Records for the task:

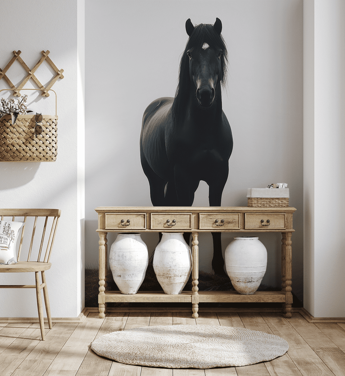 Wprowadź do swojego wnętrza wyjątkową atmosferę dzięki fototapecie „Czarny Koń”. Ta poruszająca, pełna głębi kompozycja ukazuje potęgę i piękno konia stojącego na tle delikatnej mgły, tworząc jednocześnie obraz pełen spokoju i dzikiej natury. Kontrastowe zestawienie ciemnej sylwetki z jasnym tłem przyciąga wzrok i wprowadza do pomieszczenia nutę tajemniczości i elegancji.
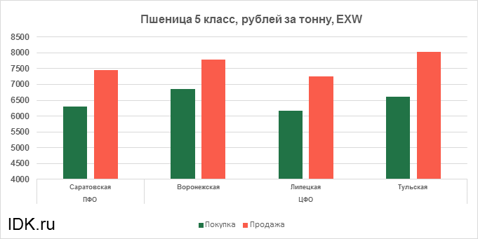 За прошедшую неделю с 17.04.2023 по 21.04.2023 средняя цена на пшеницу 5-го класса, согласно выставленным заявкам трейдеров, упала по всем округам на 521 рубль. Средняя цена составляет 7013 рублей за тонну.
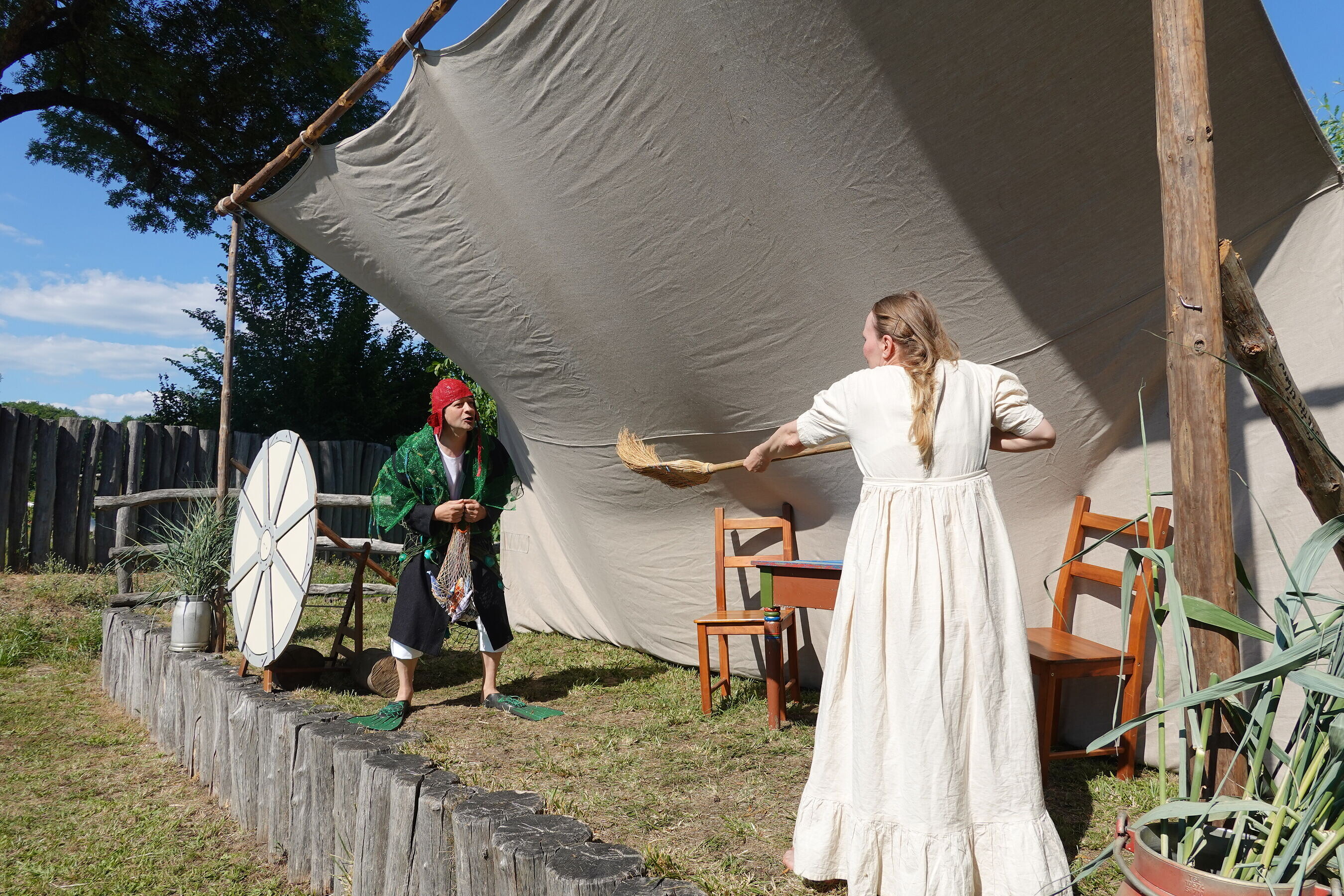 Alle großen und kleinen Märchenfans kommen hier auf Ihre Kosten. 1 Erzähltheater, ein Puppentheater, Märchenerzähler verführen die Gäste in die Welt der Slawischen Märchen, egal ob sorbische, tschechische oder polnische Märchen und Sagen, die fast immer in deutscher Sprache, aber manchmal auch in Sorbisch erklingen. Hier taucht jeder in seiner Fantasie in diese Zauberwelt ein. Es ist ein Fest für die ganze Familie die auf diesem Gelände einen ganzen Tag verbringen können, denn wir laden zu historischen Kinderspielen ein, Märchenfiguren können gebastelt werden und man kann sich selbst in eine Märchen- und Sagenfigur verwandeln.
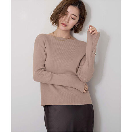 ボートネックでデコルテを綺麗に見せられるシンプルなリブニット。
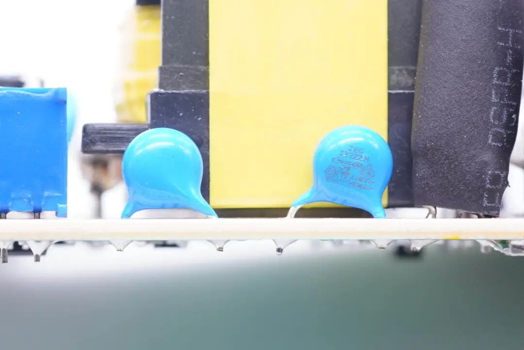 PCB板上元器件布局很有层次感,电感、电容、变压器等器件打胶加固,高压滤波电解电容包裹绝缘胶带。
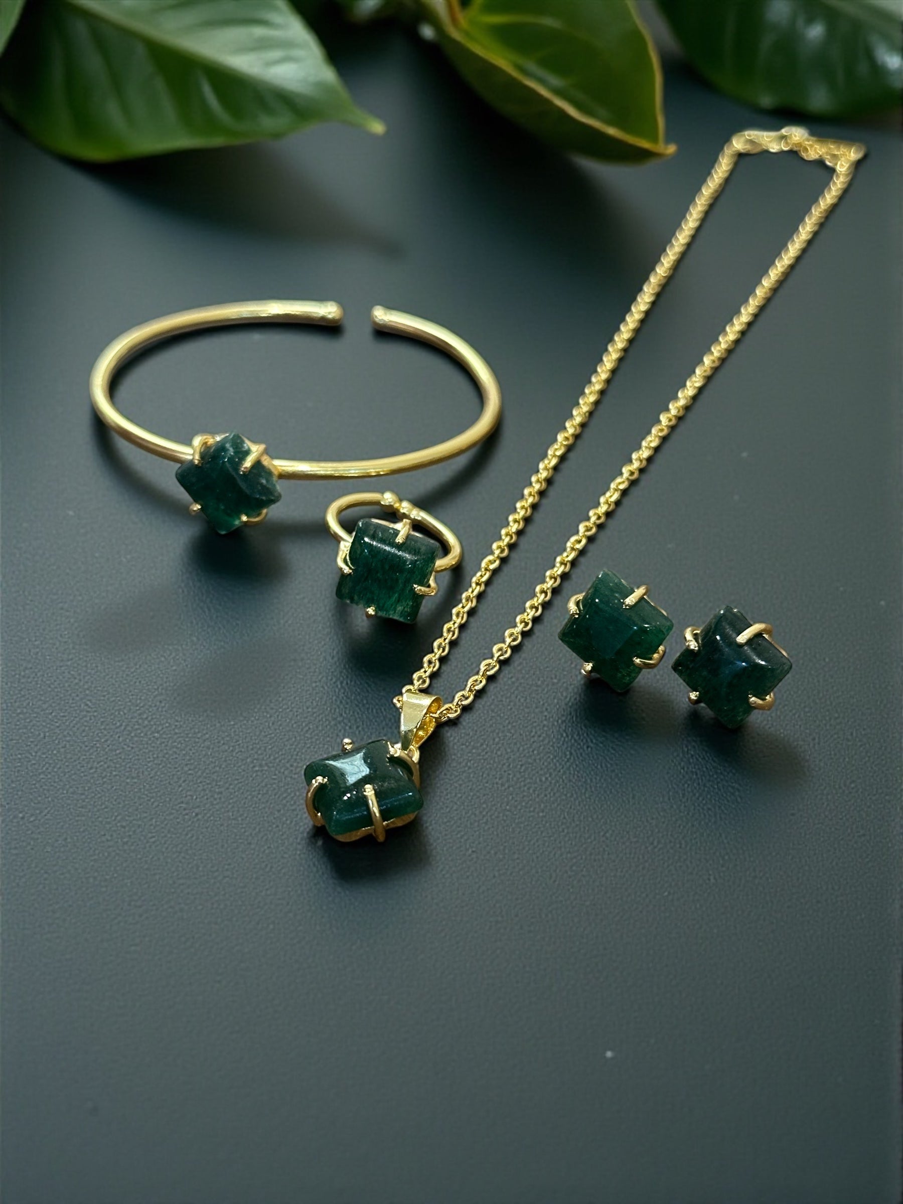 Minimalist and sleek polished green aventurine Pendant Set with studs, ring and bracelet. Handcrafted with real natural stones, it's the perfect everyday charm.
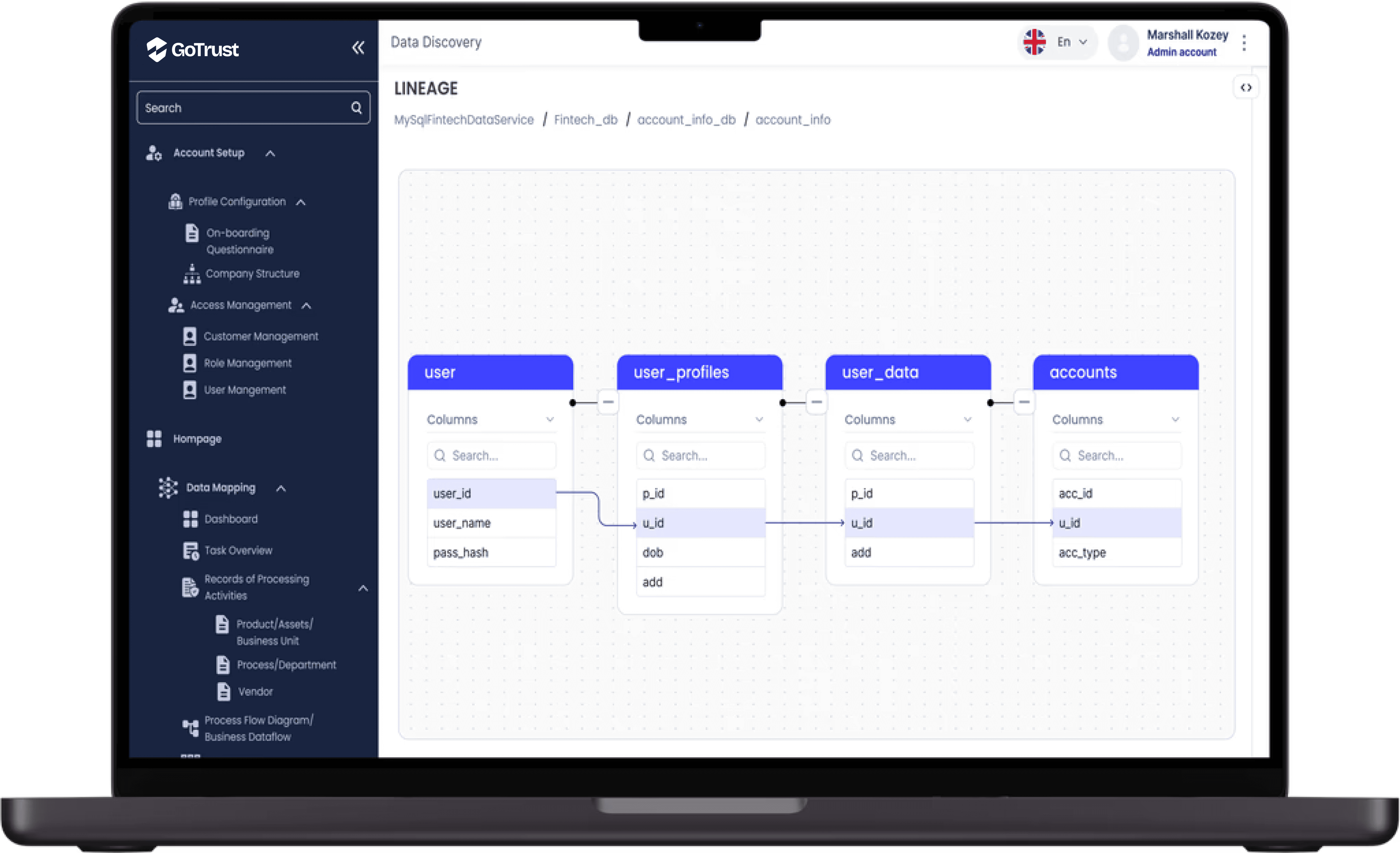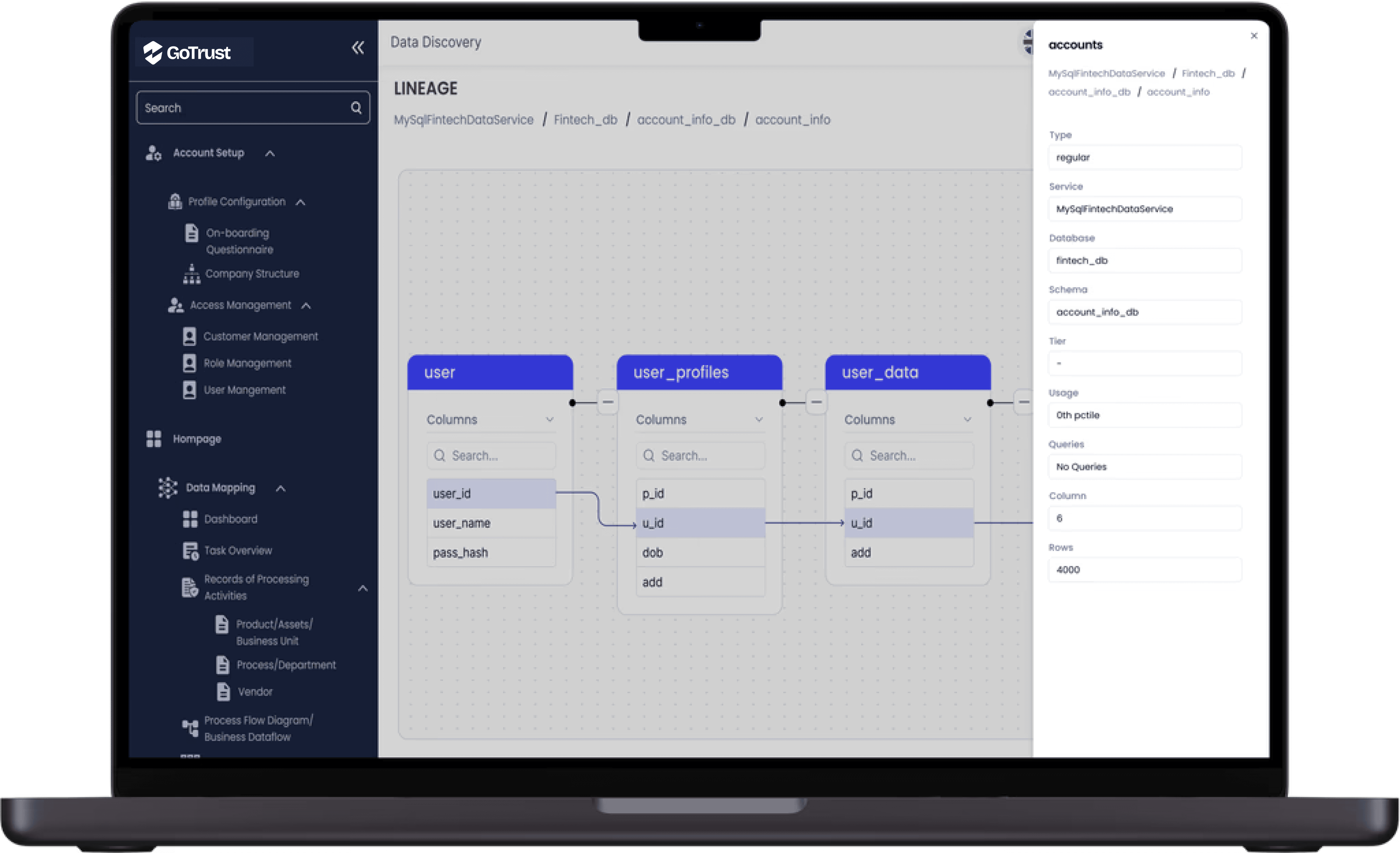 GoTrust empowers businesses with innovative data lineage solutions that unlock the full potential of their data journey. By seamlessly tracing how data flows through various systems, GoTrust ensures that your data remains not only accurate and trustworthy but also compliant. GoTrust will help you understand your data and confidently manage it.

Exercise:
Within the data above, repeat exactly the lines from the one bearing "PCB板上元器件布局很有层次" through the one bearing "Minimalist and sleek". Include no pictures and nothing else.

Answer for the task:
 PCB板上元器件布局很有层次感,电感、电容、变压器等器件打胶加固,高压滤波电解电容包裹绝缘胶带。
 Minimalist and sleek polished green aventurine Pendant Set with studs, ring and bracelet. Handcrafted with real natural stones, it's the perfect everyday charm.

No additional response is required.